> **PROBLEM DETAILS**: Write down the listing again exactly as it appears below, without its pictures.

> **COLLECTED DATA**:
'''
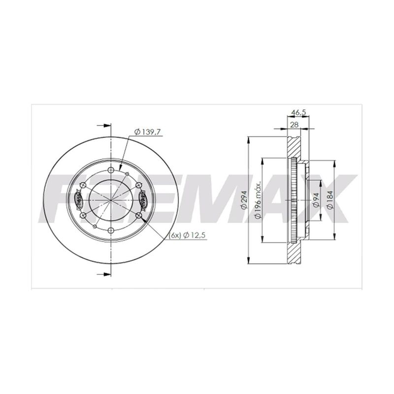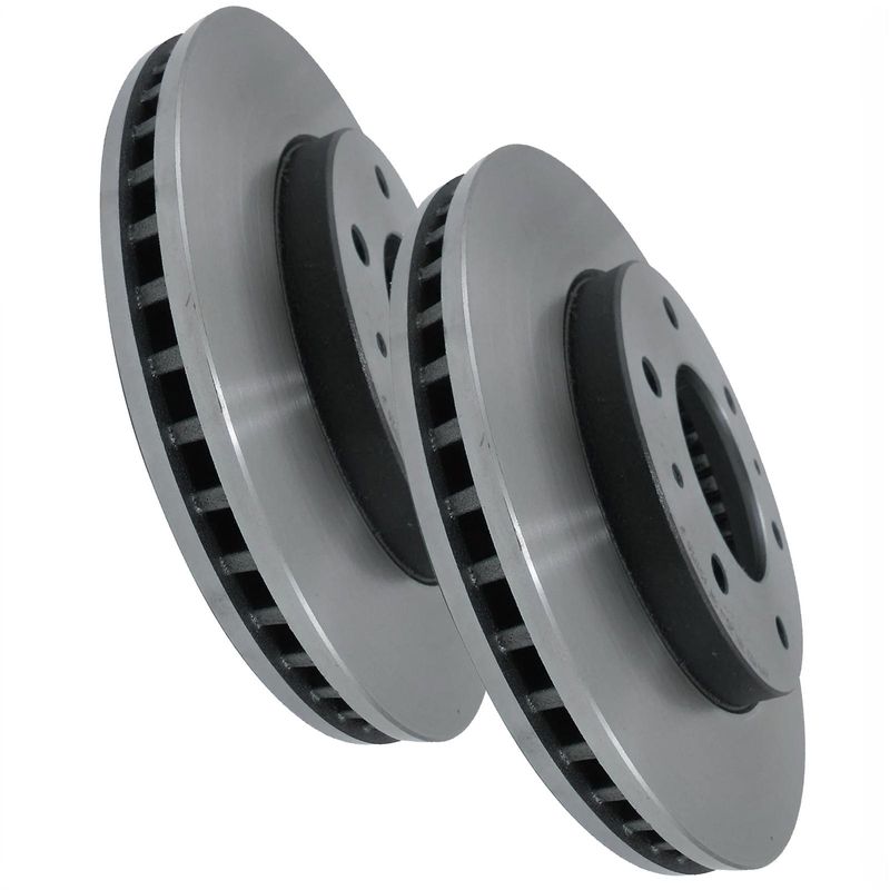 Par de discos de freio ventilado dianteiro. Propriedades: - Sem cubo; - Disco ventilado; - Diâmetro total (DT) de 294mm; - Espessura da pista de 28mm; - Espessura mínima de 26,4mm; - Altura total de 46,5mm; - Diâmetro total do furo de 94mm; - Quantidade de 6 furos; Observação: - Utiliza-se 01 jogo por veículo.
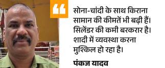 भोपाल के करोंद निवासी पंकज यादव के भाई की हाल ही में शादी हुई थी। अब वे चचेरी बहन की शादी की तैयारियों में जुटे हैं। उन्होंने बताया कि बजट के कारण कई चीजें कम की गईं। सोना-चांदी महंगा होने से बजट बिगड़ा है। गार्डन और खाने के बाद सबसे ज्यादा खर्च जेवर पर हो रहा है। भाई की शादी में कुल बजट 5 लाख रुपए तक बढ़ गया था।
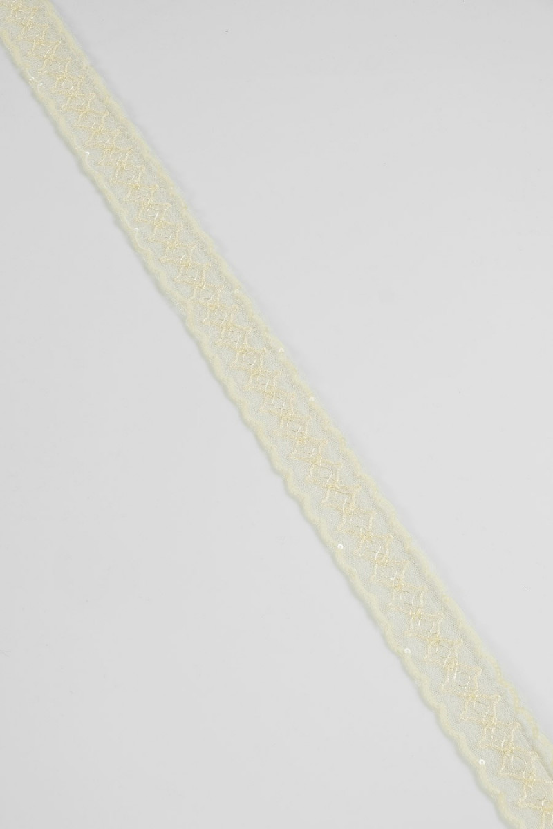 Uz tilla ir izšūti fliteri un krelles. Lente ir apmēram 4 cm plata. Ideāli piemērots kleitu, svārku vai blūžu apdarei.
'''
> **TASK RESPONSE**:
 Par de discos de freio ventilado dianteiro. Propriedades: - Sem cubo; - Disco ventilado; - Diâmetro total (DT) de 294mm; - Espessura da pista de 28mm; - Espessura mínima de 26,4mm; - Altura total de 46,5mm; - Diâmetro total do furo de 94mm; - Quantidade de 6 furos; Observação: - Utiliza-se 01 jogo por veículo.
 भोपाल के करोंद निवासी पंकज यादव के भाई की हाल ही में शादी हुई थी। अब वे चचेरी बहन की शादी की तैयारियों में जुटे हैं। उन्होंने बताया कि बजट के कारण कई चीजें कम की गईं। सोना-चांदी महंगा होने से बजट बिगड़ा है। गार्डन और खाने के बाद सबसे ज्यादा खर्च जेवर पर हो रहा है। भाई की शादी में कुल बजट 5 लाख रुपए तक बढ़ गया था।
 Uz tilla ir izšūti fliteri un krelles. Lente ir apmēram 4 cm plata. Ideāli piemērots kleitu, svārku vai blūžu apdarei.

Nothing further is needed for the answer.